Je ne me rappelle même pas de la dernière fois où j'ai posé autant de questions à une personne. Encore moins de la dernière fois où je me suis réellement intéressé à la réponse.
— Le dernier rang, c'est facile. Personne ne peut me scruter comme l'attraction du moment à moins de se retourner, ce qui serait très gênant pour cette personne. Donc j'y suis tranquille, au calme. Enfin... en règle générale.
Il me lance un petit coup d'oeil avant de poursuivre.
— Sans compter qu'on peut généralement y faire ce que l'on veux et mon truc à moi c'est... dessiner. Ce qui m'amène à la deuxième réponse : je suis le cours d'art car j'aime ça, tout simplement.
— D'accord. La troisième ?
Il redevient gêné et son visage se referme quelque peu, sans que je ne comprenne pourquoi. Je n'ai pas agi en parfait connard, je l'ai écouté me raconter sa vie sans l'interrompre, et je crois que j'y ai même porté de l'intérêt. Disons un peu.
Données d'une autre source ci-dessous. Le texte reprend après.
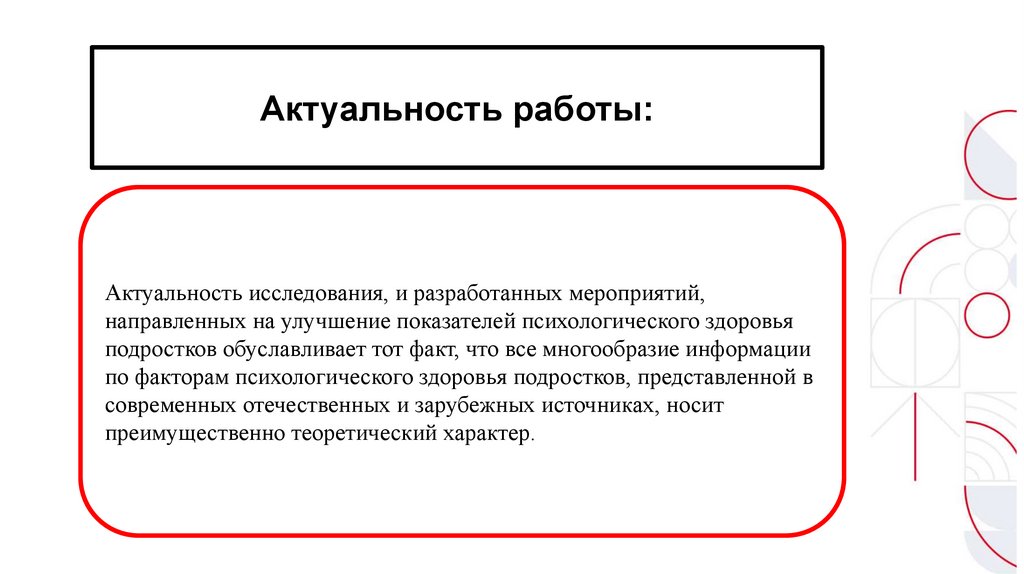 Актуальность работы:Актуальность исследования, и разработанных мероприятий,

Alors pourquoi ce changement soudain ? Que cache cette troisième réponse ?
— Quoi, t'es un assassin en fuite ? Ce lycée merdique est ta couverture ? T'es un témoin sous protection ? Crache le morceau.
J'essaie assez maladroitement de le mettre à l'aise. Je crois avoir réussi, du moins en partie, puisqu'il reprend enfin la parole, un sourire aux lèvres.
— Je rêve ou tu te socialises ? Pourquoi tant d'honneur ?
— Je vois que je n'aurai pas de réponse. Très bien. Pas de problème. Ça m'apprendra à faire des efforts.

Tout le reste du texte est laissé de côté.